Software Vulnerability and Functionality Assessment using LLMs
This work addresses the tedious and expensive process of code review for software developers, though it is incremental as it applies existing prompting methods to new tasks.
The paper tackled the problem of automating code review by using Large Language Models (LLMs) to flag security vulnerabilities and validate software functionality, finding that proprietary models significantly outperformed open-source ones and that 36.7% of LLM-generated vulnerability descriptions matched true CWE vulnerabilities.
While code review is central to the software development process, it can be tedious and expensive to carry out. In this paper, we investigate whether and how Large Language Models (LLMs) can aid with code reviews. Our investigation focuses on two tasks that we argue are fundamental to good reviews: (i) flagging code with security vulnerabilities and (ii) performing software functionality validation, i.e., ensuring that code meets its intended functionality. To test performance on both tasks, we use zero-shot and chain-of-thought prompting to obtain final ``approve or reject'' recommendations.
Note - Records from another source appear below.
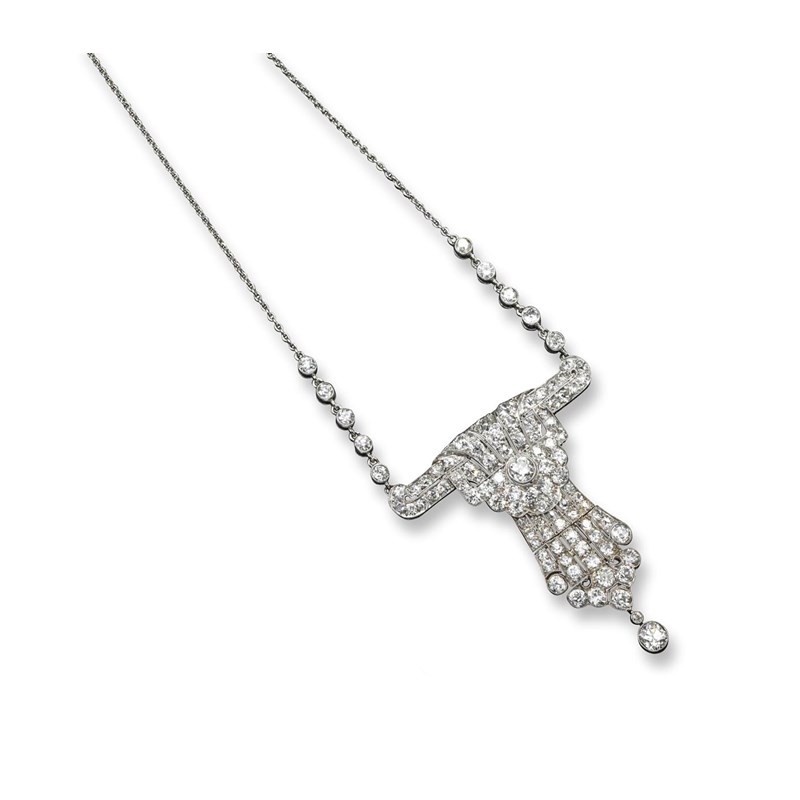 An Art Deco abstract diamond pendant, the symmetrical design is millegrain-set overall with graduated circular-cut diamonds with two articulated diamonds suspended, in platinum On a fine-link chain set with five circular-cut diamonds to each side.
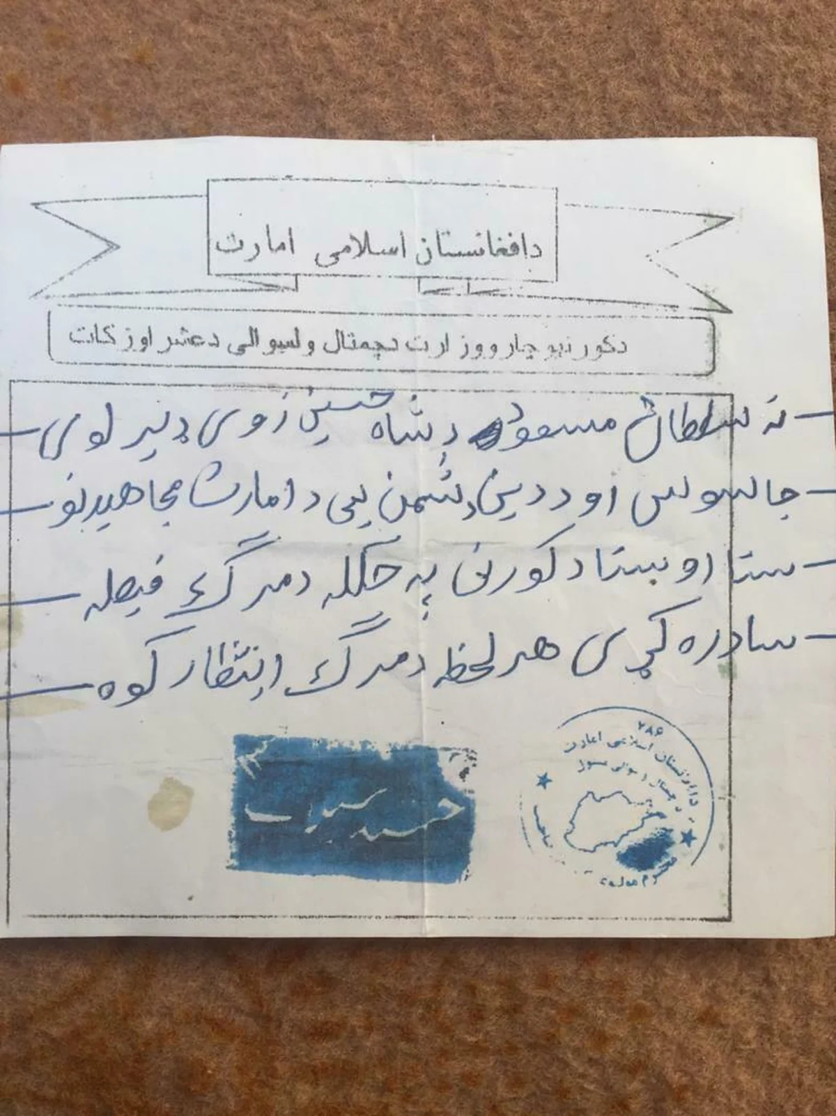 Von den Taliban bekommt er 2014 eine Morddrohung. Auch die trägt er noch mit sich herum und zeigt sie der taz. Handgeschrieben steht dort: „Masoud Azami, du bist ein Spion für die ausländischen Truppen. Wir werden dich töten“ Darunter prangt der Stempel von einem Kommandanten der Taliban. Ein Oberfeldwebel der Bundeswehr hat schriftlich bestätigt, dass es sich um ein Originaldokument handelt.
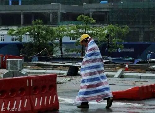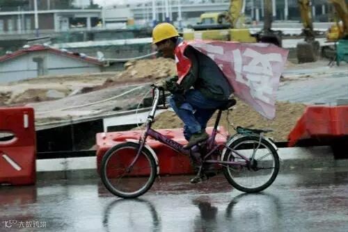 导语:在自贸区成立两周年之际,笔者来到正在火热建设中的工地上,用手中的镜头拍摄记录了大雨中,身穿各式自制雨衣避雨的工人们。
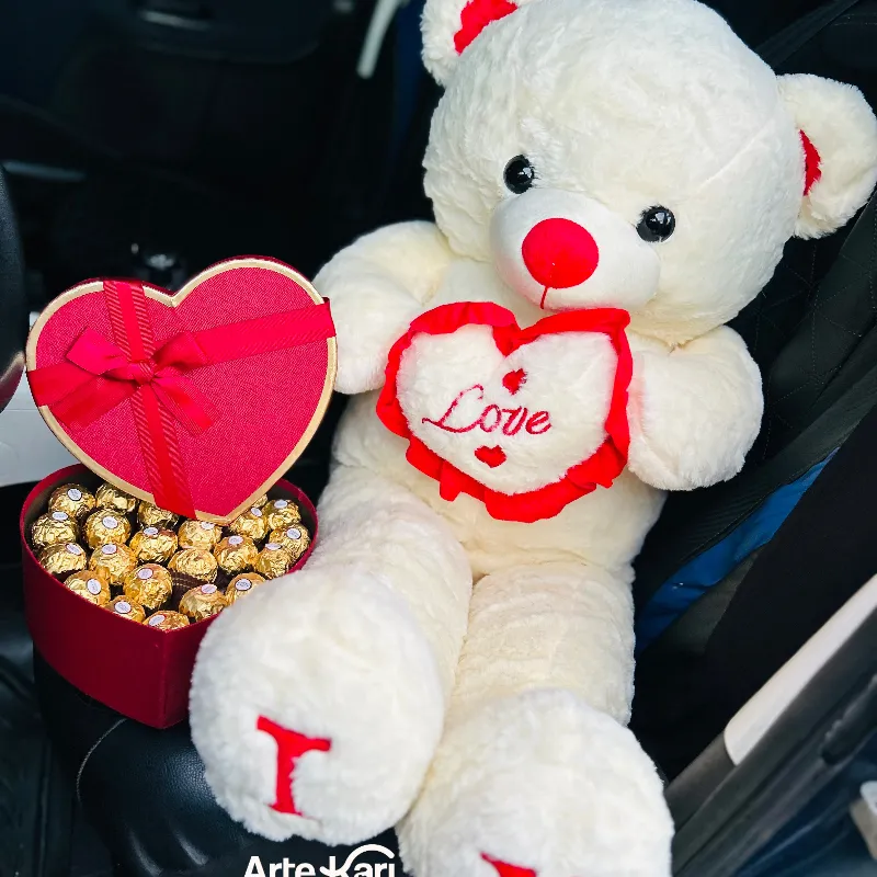 ✅1 peluche de 1 metro ✅caja de corazón + 24 bombones Ferrero rocher
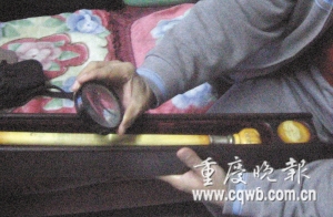 家住渝中區(qū)七星崗新德村223號(hào)的王川正,是市書(shū)法家協(xié)會(huì)會(huì)員和市工藝美術(shù)家協(xié)會(huì)會(huì)員,退休老師!斑@是一根祖?zhèn)鞯镍f片煙槍?zhuān)辄S色的象牙材質(zhì),長(zhǎng)41厘米,比拇指略粗(如圖)!蓖醮ㄕf(shuō),父親把煙槍傳給他時(shí),重復(fù)祖父訓(xùn)誡:無(wú)論多大家業(yè),千萬(wàn)莫吸鴉片。為增加象牙煙槍的收藏價(jià)值,半年前,王川正決定在煙槍上刻出鴉片戰(zhàn)爭(zhēng)的歷史!拔也殚喆罅渴妨,湊齊13篇林則徐嚴(yán)禁鴉片奏案、虎門(mén)銷(xiāo)煙圖等,用20倍放大鏡和比繡花針小10倍的刻刀,每天堅(jiān)持刻畫(huà),如今終于完成。”王川正說(shuō),近兩萬(wàn)字的禁煙史已刻上煙槍上長(zhǎng)12厘米長(zhǎng)、寬1.5厘米的面積。
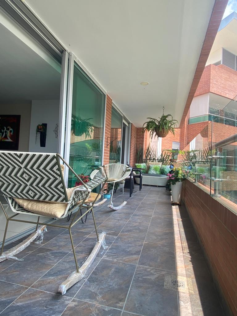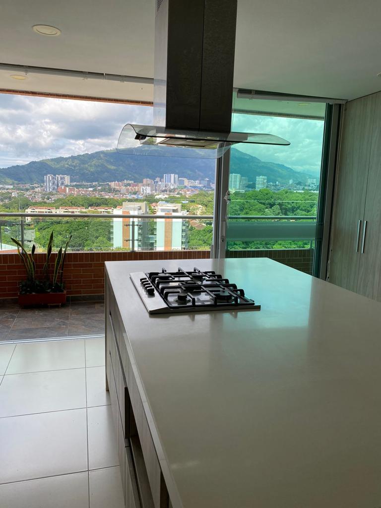 En su interior tiene con 220m2 divididos en 3 alcobas cada una con baño privado y closeth, estudio, zona tv, sala, comedor, cocina integral con lavavajillas, estufa empotrada campana extractora de olores, griferia importada, nevera de vinos, barra estilo american, tambien balcones de extremo a extremo con doble vista a la ciudad, pisos en mármol, 2 parqueaderos,
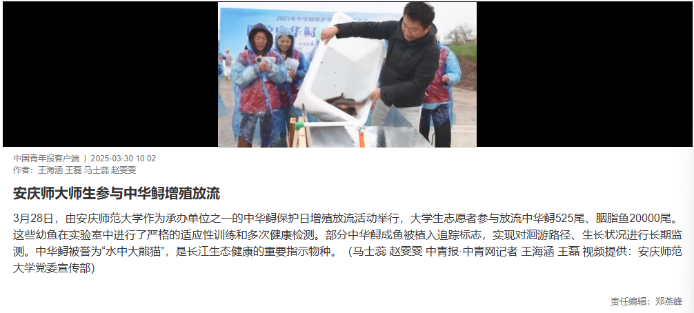 3月28日,由必一运动公司作为承办单位之一的中华鲟保护日增殖放流活动举行,老员工志愿者参与放流中华鲟525尾、胭脂鱼20000尾。这些幼鱼在实验室中进行了严格的适应性训练和多次健康检测。部分中华鲟成鱼被植入追踪标志,实现对洄游路径、生长状况进行长期监测。中华鲟被誉为“水中大熊猫”,是长江生态健康的重要指示物种。(马士蕊 赵雯雯 中青报·中青网记者 王海涵 王磊 视频提供:必一运动公司党委宣传部)
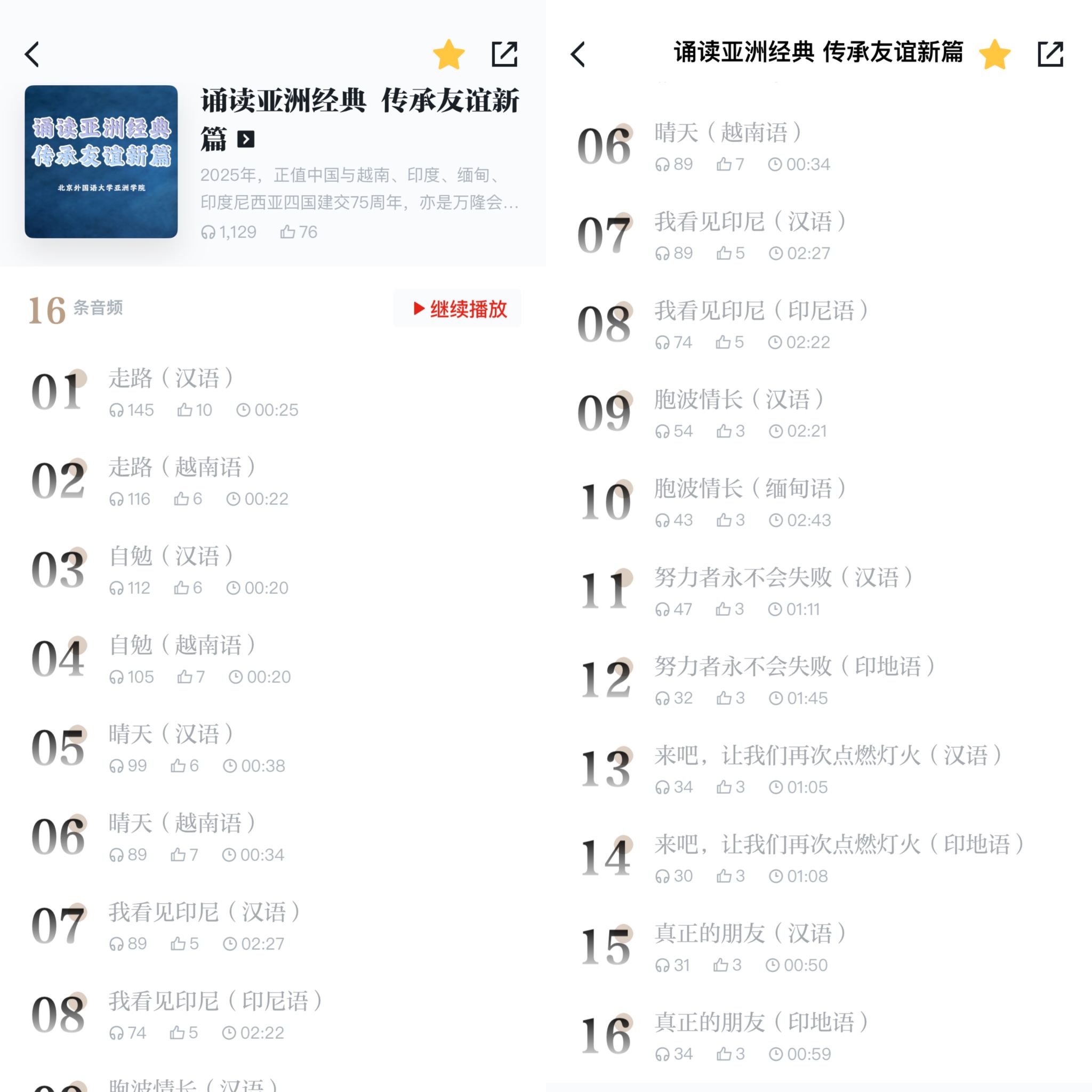 目前,该音频专辑已正式登陆“学习强国”学习平台大学生朗读频道。专辑包含16条作品,涵盖汉语、越南语、印地语、缅甸语、印度尼西亚语五种语言,为广大受众打造了一场沉浸式的亚洲经典听觉盛宴,也成为新时代文明交流互鉴的生动实践。

As data, we employ seminal code generation datasets (HumanEval and MBPP) along with expert-written code snippets with security vulnerabilities from the Common Weakness Enumeration (CWE). Our experiments consider a mixture of three proprietary models from OpenAI and smaller open-source LLMs. We find that the former outperforms the latter by a large margin. Motivated by promising results, we finally ask our models to provide detailed descriptions of security vulnerabilities. Results show that 36.7% of LLM-generated descriptions can be associated with true CWE vulnerabilities.